For a non-empty set $T$ denote by $p(T)$ the product of all elements of $T$. Does there exist a set $T$ of $2021$ elements such that for any $a\in T$ one has that $P(T)-a$ is an odd integer? Consider two cases: 1) All elements of $T$ are irrational numbers. 2) At least one element of $T$ is a rational number.
Problem
Source: 2021 Saudi Arabia IMO TST p1 (1.2)

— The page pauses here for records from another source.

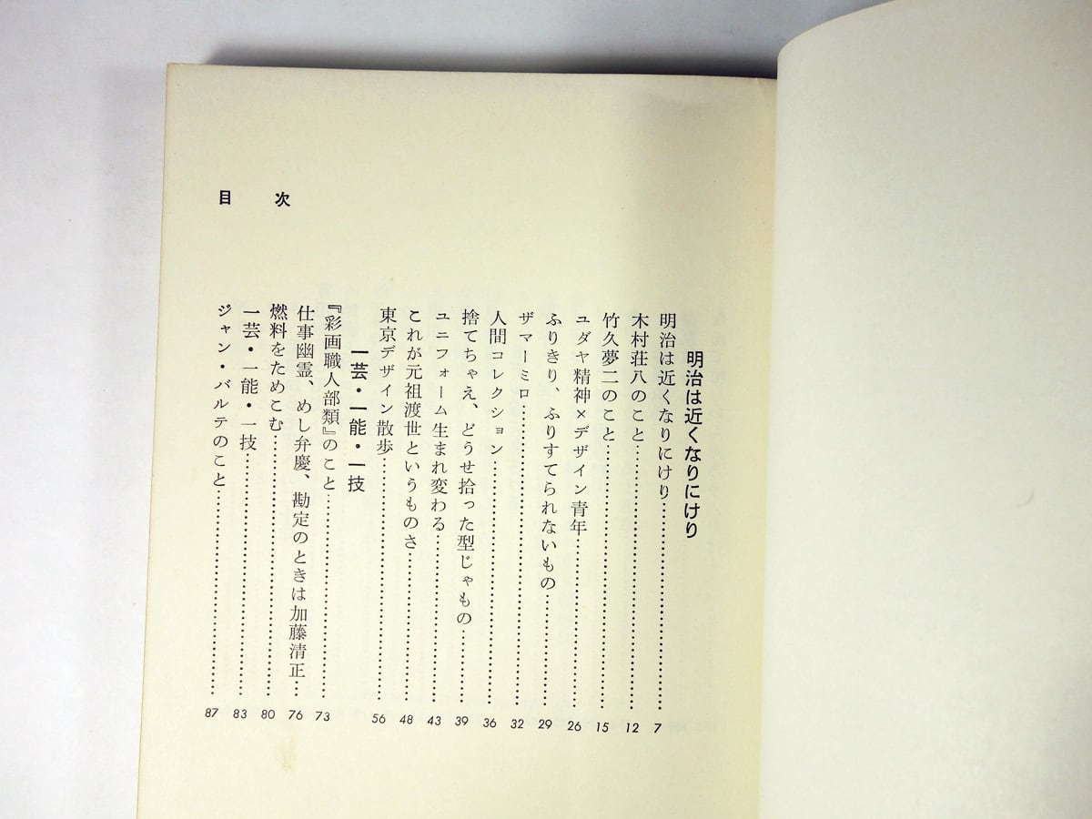 あとがきによると、あっさりとした味わいの前著に比べ、「ぼくの人生論、モード観、職人観の三つをいろいろととりまぜて、すこしこってりとしたやつ」に仕上げたとのこと。江戸っ子らしい歯切れのよい文章で綴られた、木村荘八、竹久夢二の思い出から、「みゆき族」など当時の流行にいたるまで、面白い読み物が満載されています。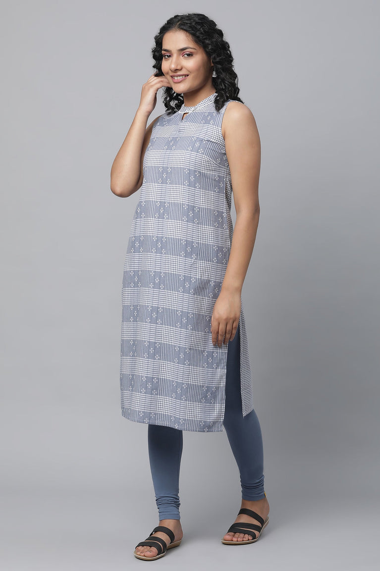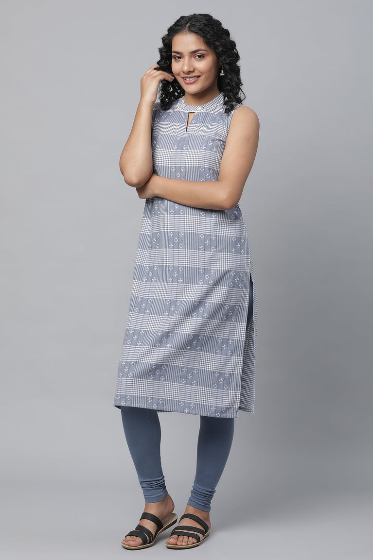 Get The Stylish Airport Look With This Cotton Checker kurta Set. The Set Has Sleeveless Straight kurta In Round Neck And V Cut. It Is Paired With Solid Tights.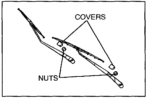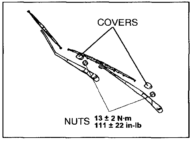 4. Reinstall both wiper blade/wiper arm assemblies. Make sure each wiper arm attachment nut is tightened to the standard value; 13 +/- 2 Nm (111 +/- 22 in-lb). Reinstall the nut covers. Check wipers for proper operation.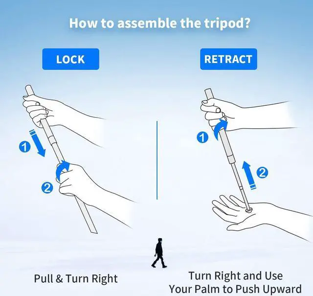 ? Locking GuideSetup: pull & turn right to lock compact tripodyou can hear tik soundretract: turn right and use your palm to push upwardJust like fold your umbrella. For any quality problem, please feel free to contact us, we will provide you with a REPLACEMENT or full refund at any time.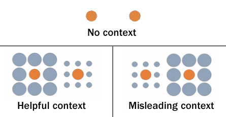 In helpful images, large gray circles surrounded the smaller orange circle to make it appear smaller than it actually was. Small circles surrounded the larger orange circle to magnify its apparent size.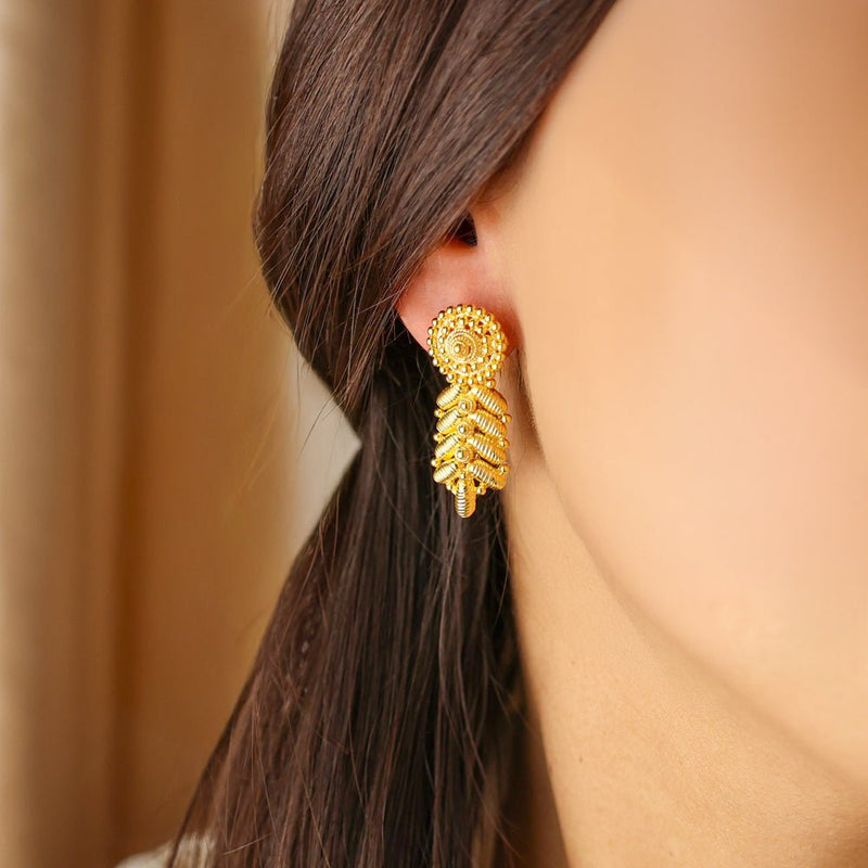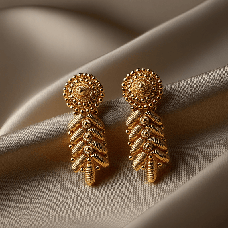 Brincos Pendente em Ouro 19kl com Casulos e Granitos - Sofisticação e Design Exclusivo

Tags: irrational number, combinatorics, odd
03.08.2021 11:20
1)Since $b-a=(p(T)-a)-(p(T)-b)=2k+1-(2l+1)=2(k-l)$ it follows that all elements differ by an even integer. So if $a$ satisfies the property so do all other elements. Therefore assume the set is of the form $\{x, x+2, x+4,...,x+2\cdot 2020\}$. Note that, since the degree is odd, the equation $x(x+2)\cdots (x+4040)=x+1$ has at least one root. By rational root theorem if it were relational it would have to be $\pm 1$ but by size reasons it is easy to see that this is impossible and thus there exists a irrational root $x_0$. Therefore the set $\{x_0,x_0+2,...,x_0+4040\}$ satisfies the condition. 2) By the same logic as before, they must all be rational numbers which differ by an even integer. Since translating by an integer doesn't change the denominator (the new numerators will always be coprime with the denominator, since the old numerator was as well), it follows that if $v_p(x)=-a<0$, then $v_p(p(T))=-2021a$. However this must als be the same of $v_p(x+2k+1)=-a$, and so $a=0$, ie. the rationals have no denominator and are integers. Now $\pmod 2$ gives a contradiction since we must either have $p(T)-a\equiv 1\cdot 1\cdots 1-1\equiv 0$ or $0\cdot 0\cdots 0-0\equiv 0$ since all integers differ by an even amount. Therefore it is impossible to have at least one rationa number.